+++ DATASET ENTRIES

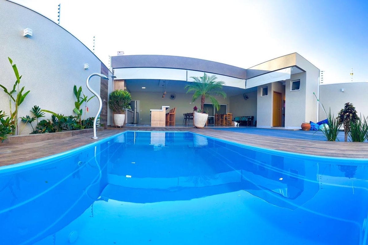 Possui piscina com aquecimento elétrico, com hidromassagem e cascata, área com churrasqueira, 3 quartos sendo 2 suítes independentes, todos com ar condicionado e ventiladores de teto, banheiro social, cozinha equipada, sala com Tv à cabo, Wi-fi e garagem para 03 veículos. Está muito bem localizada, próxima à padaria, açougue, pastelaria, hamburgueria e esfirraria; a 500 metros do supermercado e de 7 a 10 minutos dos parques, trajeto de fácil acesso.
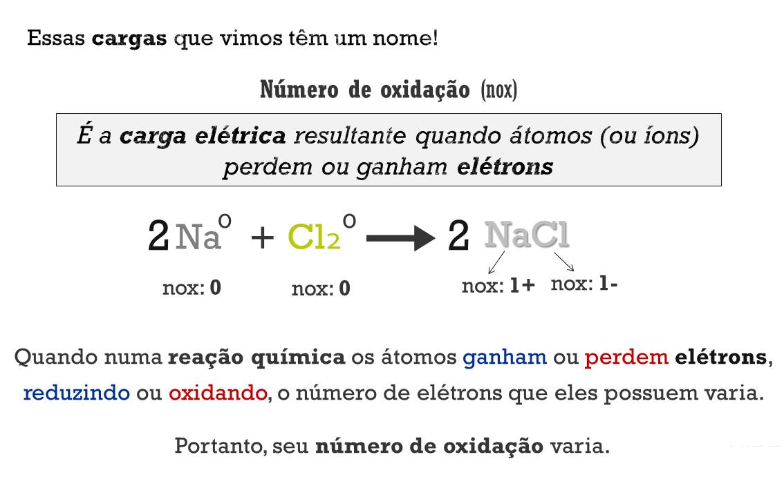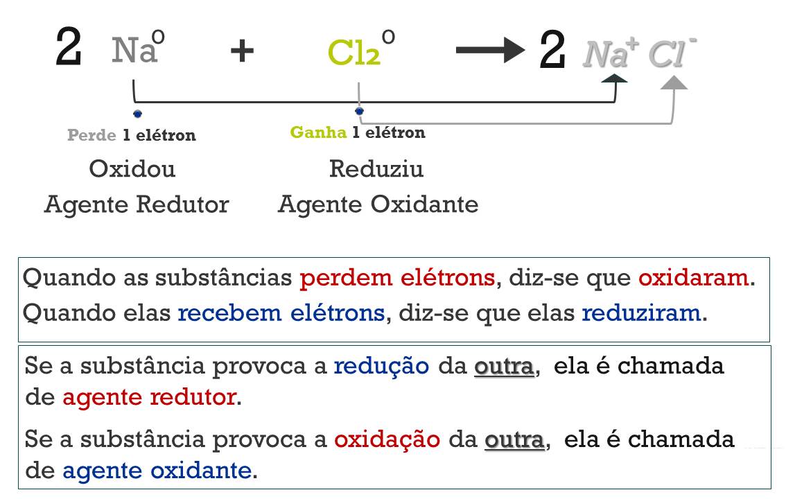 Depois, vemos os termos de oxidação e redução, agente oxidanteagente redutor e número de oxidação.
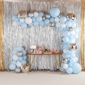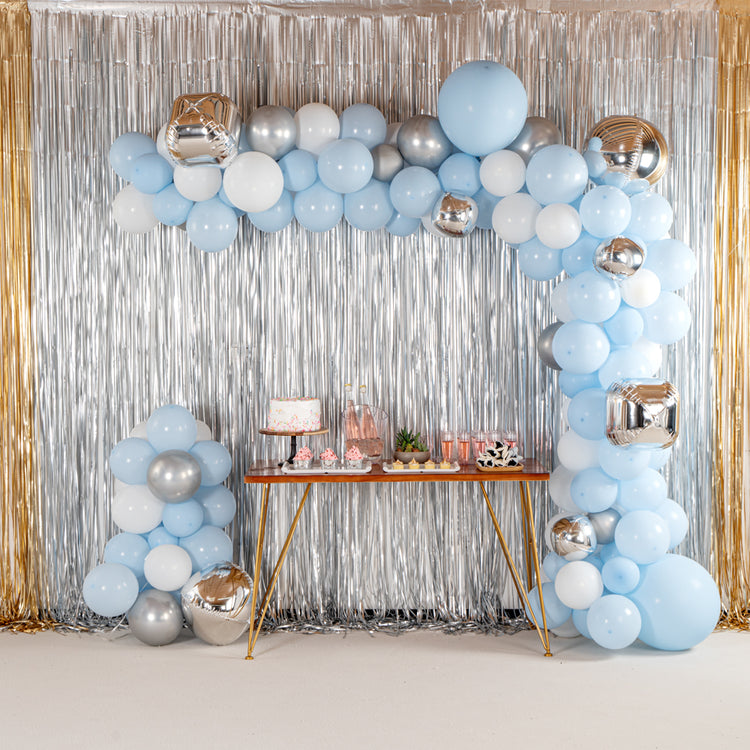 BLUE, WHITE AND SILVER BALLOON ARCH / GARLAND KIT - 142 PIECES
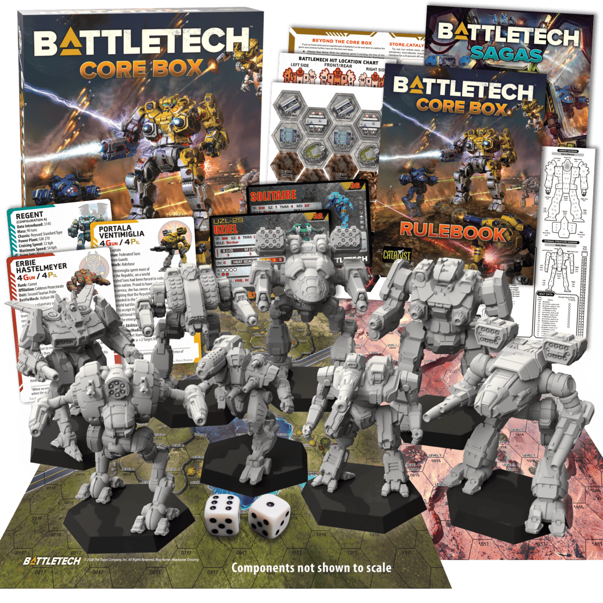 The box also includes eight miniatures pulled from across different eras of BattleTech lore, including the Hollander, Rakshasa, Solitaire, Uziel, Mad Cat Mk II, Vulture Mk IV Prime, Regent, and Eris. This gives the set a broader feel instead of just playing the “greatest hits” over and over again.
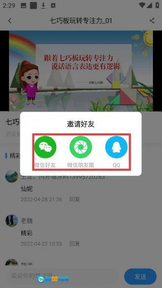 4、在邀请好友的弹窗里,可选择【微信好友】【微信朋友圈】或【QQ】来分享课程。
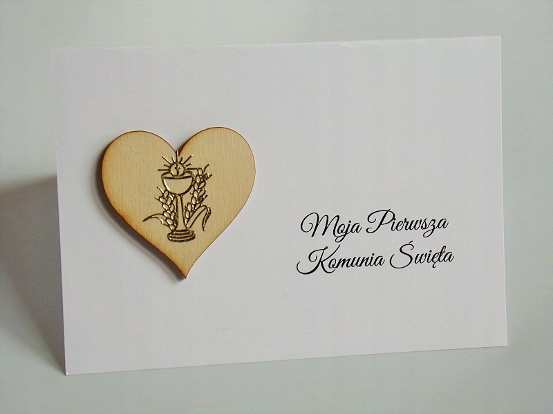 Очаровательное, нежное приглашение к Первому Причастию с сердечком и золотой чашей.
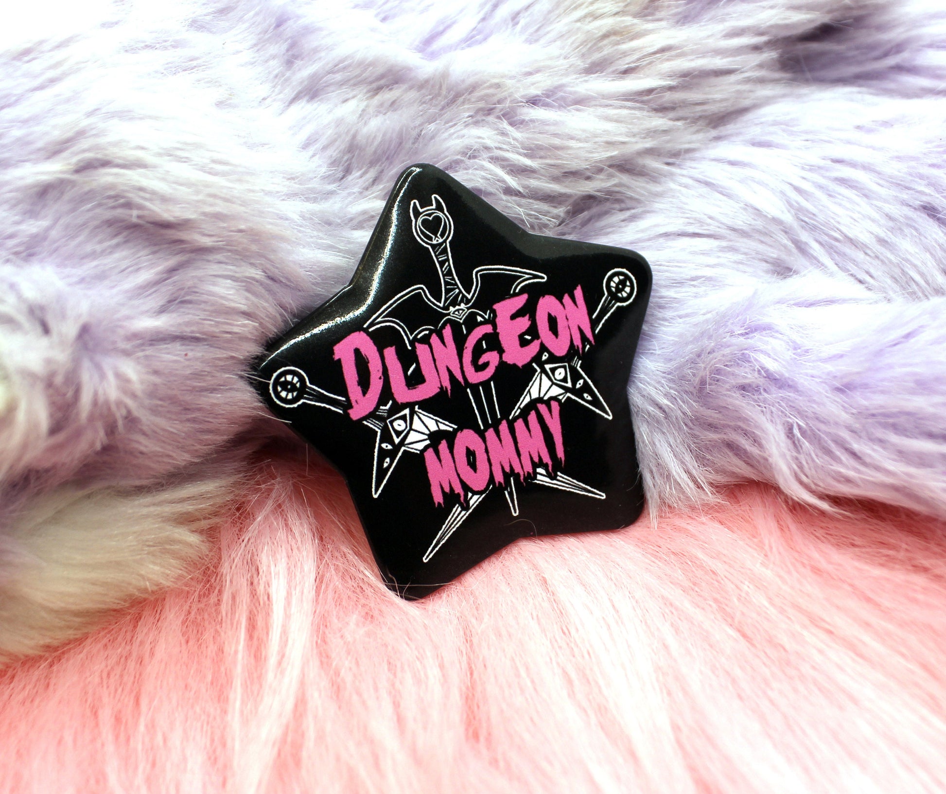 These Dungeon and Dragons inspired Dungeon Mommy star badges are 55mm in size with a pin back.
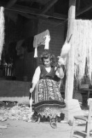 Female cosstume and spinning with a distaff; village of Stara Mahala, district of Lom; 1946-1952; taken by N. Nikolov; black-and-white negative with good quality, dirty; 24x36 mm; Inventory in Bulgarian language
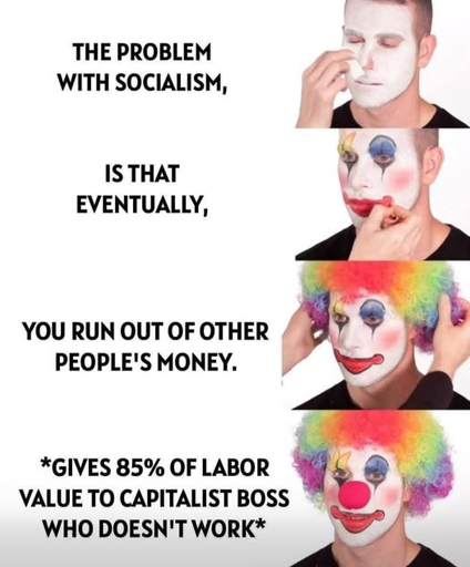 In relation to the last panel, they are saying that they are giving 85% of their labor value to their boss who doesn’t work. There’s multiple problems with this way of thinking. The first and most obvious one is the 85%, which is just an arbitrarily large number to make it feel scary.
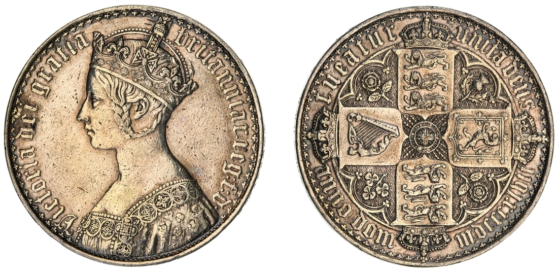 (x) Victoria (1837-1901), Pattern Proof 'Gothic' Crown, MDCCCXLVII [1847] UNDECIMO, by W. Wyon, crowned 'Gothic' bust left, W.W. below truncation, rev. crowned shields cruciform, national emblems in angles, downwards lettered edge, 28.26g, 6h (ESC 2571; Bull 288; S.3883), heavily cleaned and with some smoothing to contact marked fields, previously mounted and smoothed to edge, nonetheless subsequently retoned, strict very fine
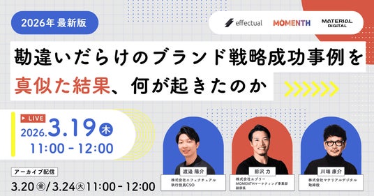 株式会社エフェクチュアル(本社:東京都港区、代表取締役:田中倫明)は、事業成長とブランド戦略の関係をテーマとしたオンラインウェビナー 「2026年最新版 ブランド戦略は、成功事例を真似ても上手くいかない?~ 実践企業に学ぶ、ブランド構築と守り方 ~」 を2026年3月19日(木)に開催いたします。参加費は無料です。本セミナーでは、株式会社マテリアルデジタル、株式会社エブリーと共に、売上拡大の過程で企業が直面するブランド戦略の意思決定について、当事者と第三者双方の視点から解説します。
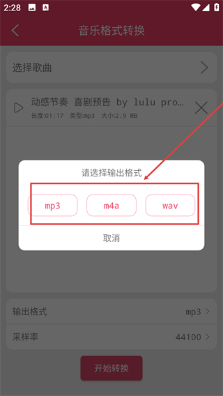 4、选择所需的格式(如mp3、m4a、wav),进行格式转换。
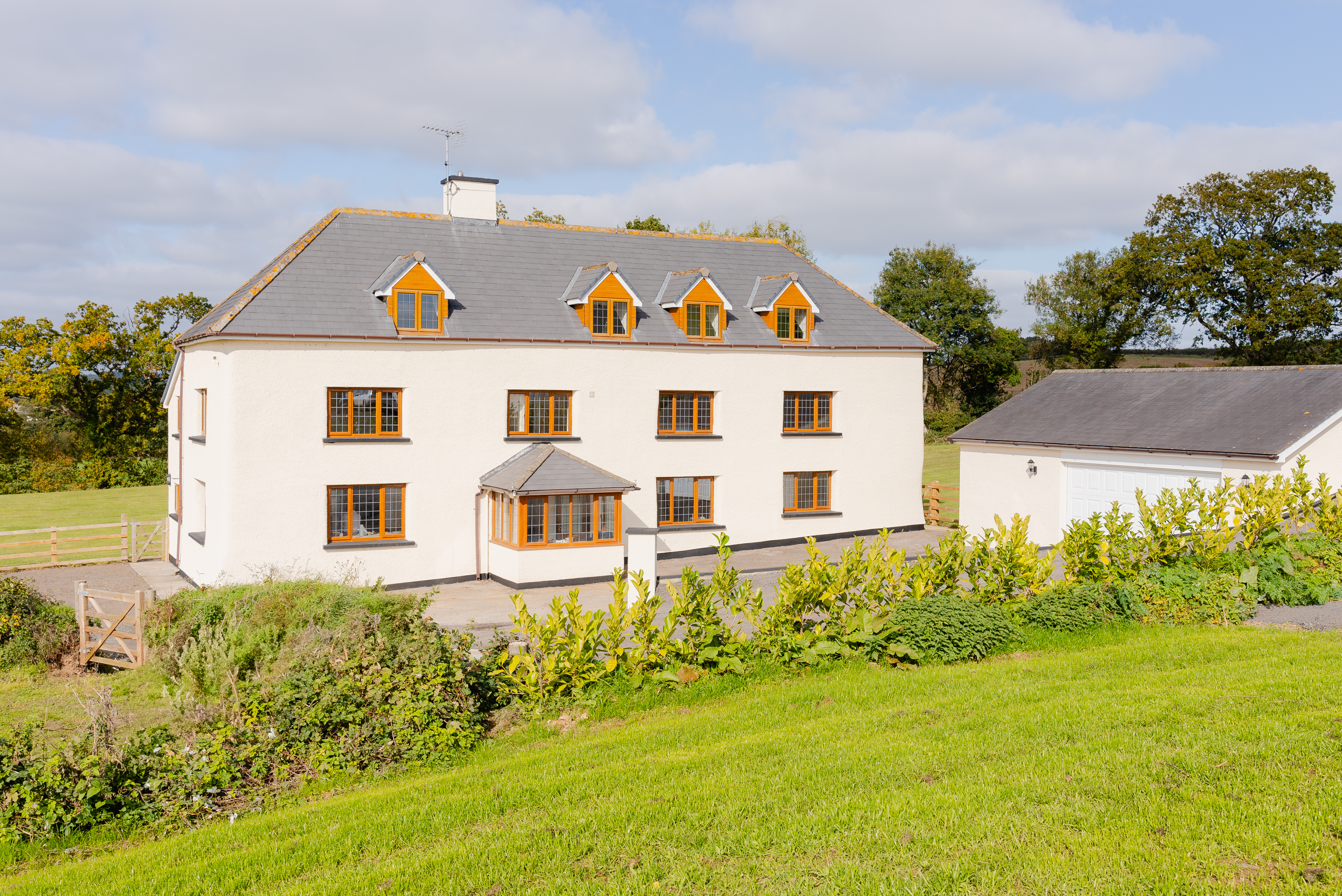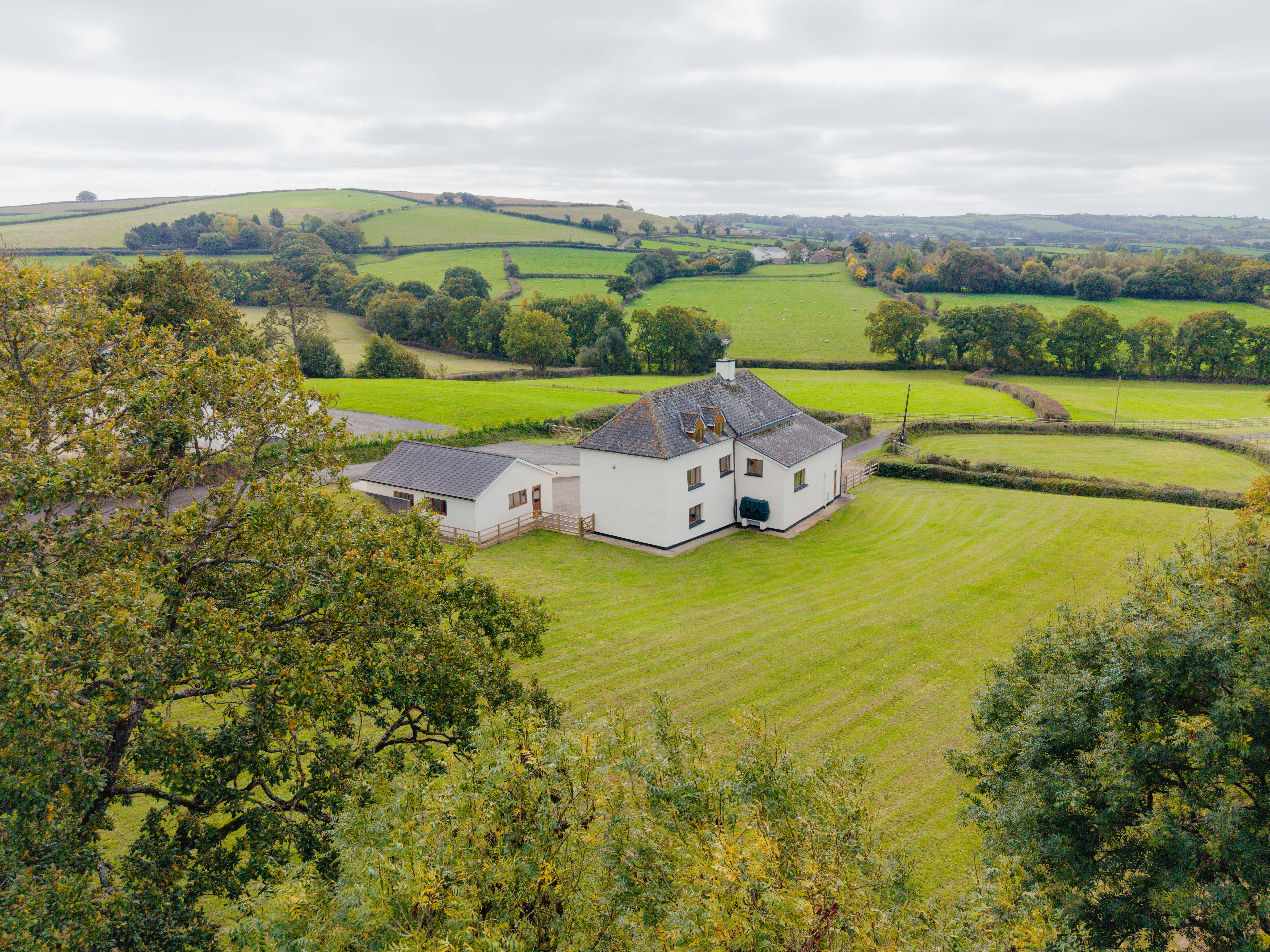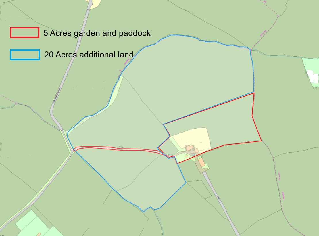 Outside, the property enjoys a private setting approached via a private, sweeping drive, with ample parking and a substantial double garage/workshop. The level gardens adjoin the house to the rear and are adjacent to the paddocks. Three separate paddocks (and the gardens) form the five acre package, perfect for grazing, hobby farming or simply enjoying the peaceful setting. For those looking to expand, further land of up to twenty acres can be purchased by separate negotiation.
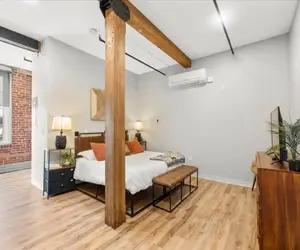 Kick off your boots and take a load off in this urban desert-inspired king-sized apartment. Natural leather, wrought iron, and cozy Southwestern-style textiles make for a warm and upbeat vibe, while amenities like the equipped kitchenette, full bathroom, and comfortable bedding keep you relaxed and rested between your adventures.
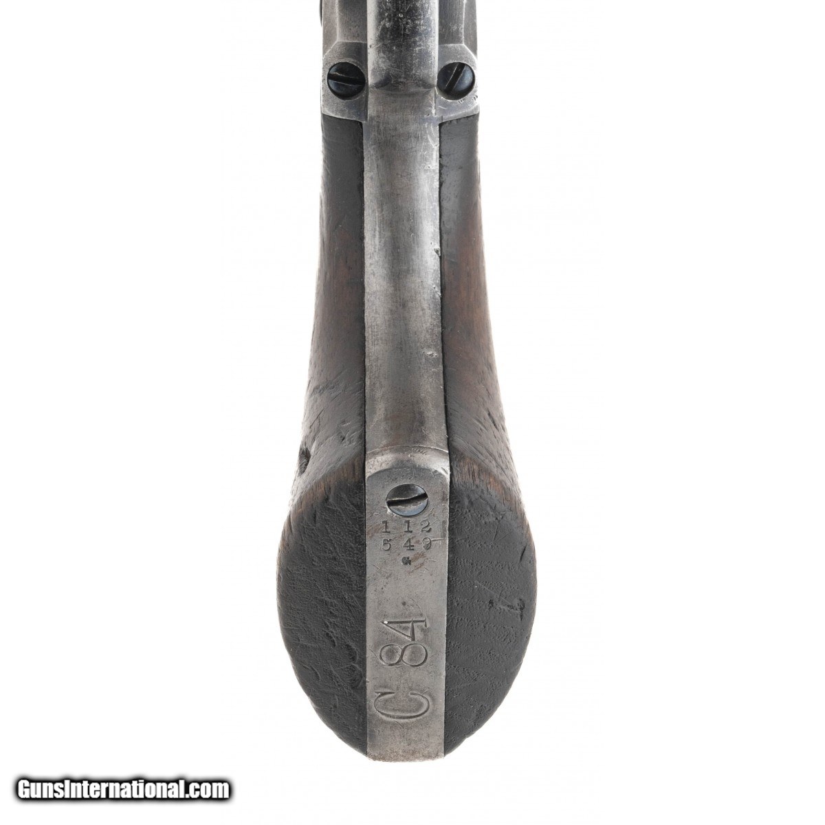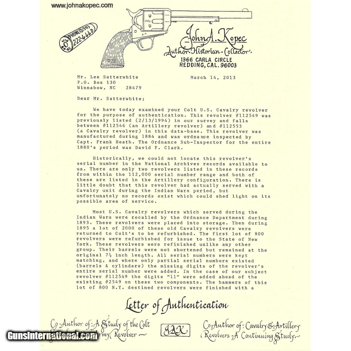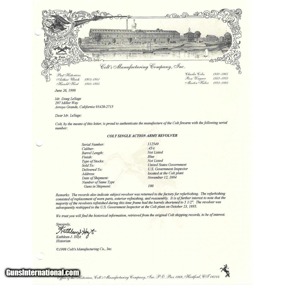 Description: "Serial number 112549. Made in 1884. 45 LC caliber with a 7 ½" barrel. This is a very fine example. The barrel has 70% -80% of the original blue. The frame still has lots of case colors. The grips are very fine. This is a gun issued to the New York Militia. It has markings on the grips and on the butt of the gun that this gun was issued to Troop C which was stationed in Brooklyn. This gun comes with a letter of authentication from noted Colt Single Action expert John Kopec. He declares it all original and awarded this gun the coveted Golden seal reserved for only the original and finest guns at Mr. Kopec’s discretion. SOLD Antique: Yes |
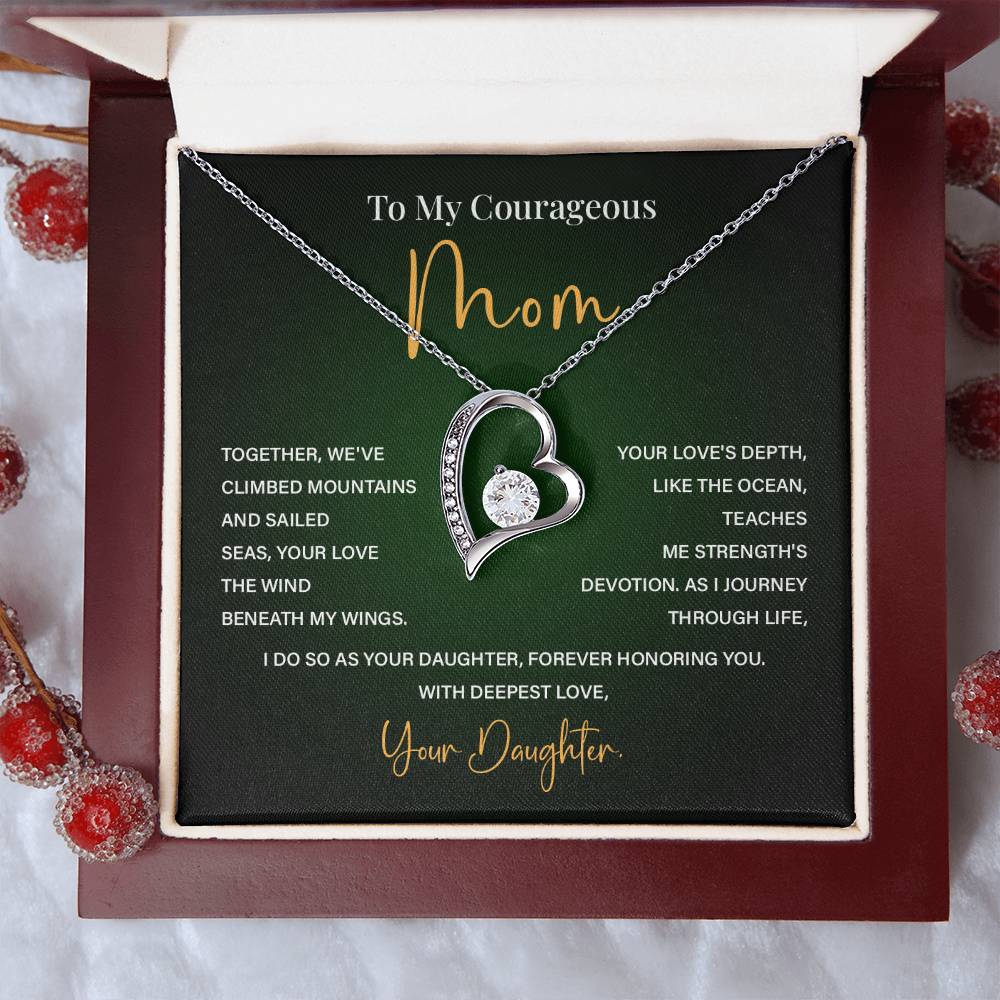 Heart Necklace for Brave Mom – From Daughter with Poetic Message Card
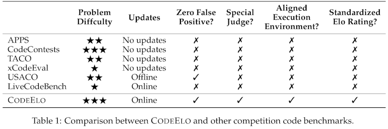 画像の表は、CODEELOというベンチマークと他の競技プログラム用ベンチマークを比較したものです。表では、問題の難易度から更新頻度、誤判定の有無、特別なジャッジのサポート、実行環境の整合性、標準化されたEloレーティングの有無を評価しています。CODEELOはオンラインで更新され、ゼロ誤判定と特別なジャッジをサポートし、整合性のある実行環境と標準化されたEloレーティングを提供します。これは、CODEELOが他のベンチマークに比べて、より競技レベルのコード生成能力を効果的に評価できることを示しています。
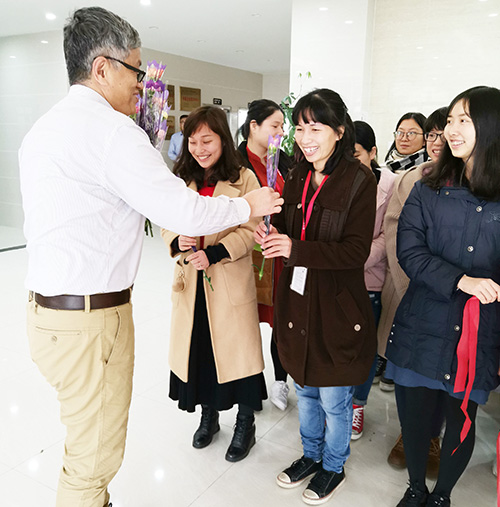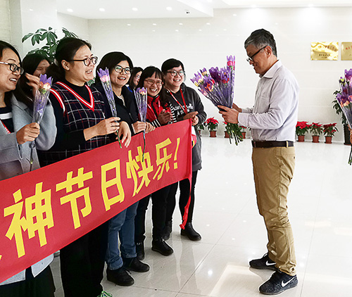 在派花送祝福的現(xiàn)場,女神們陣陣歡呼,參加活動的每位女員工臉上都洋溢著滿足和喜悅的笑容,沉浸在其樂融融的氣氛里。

++++++

YOUR TASK: Output must match the lines from the start of the records above through the line that contains "Female cosstume and", exactly and with every picture removed.

WRITTEN SOLUTION:
 Possui piscina com aquecimento elétrico, com hidromassagem e cascata, área com churrasqueira, 3 quartos sendo 2 suítes independentes, todos com ar condicionado e ventiladores de teto, banheiro social, cozinha equipada, sala com Tv à cabo, Wi-fi e garagem para 03 veículos. Está muito bem localizada, próxima à padaria, açougue, pastelaria, hamburgueria e esfirraria; a 500 metros do supermercado e de 7 a 10 minutos dos parques, trajeto de fácil acesso.
 Depois, vemos os termos de oxidação e redução, agente oxidanteagente redutor e número de oxidação.
 BLUE, WHITE AND SILVER BALLOON ARCH / GARLAND KIT - 142 PIECES
 The box also includes eight miniatures pulled from across different eras of BattleTech lore, including the Hollander, Rakshasa, Solitaire, Uziel, Mad Cat Mk II, Vulture Mk IV Prime, Regent, and Eris. This gives the set a broader feel instead of just playing the “greatest hits” over and over again.
 4、在邀请好友的弹窗里,可选择【微信好友】【微信朋友圈】或【QQ】来分享课程。
 Очаровательное, нежное приглашение к Первому Причастию с сердечком и золотой чашей.
 These Dungeon and Dragons inspired Dungeon Mommy star badges are 55mm in size with a pin back.
 Female cosstume and spinning with a distaff; village of Stara Mahala, district of Lom; 1946-1952; taken by N. Nikolov; black-and-white negative with good quality, dirty; 24x36 mm; Inventory in Bulgarian language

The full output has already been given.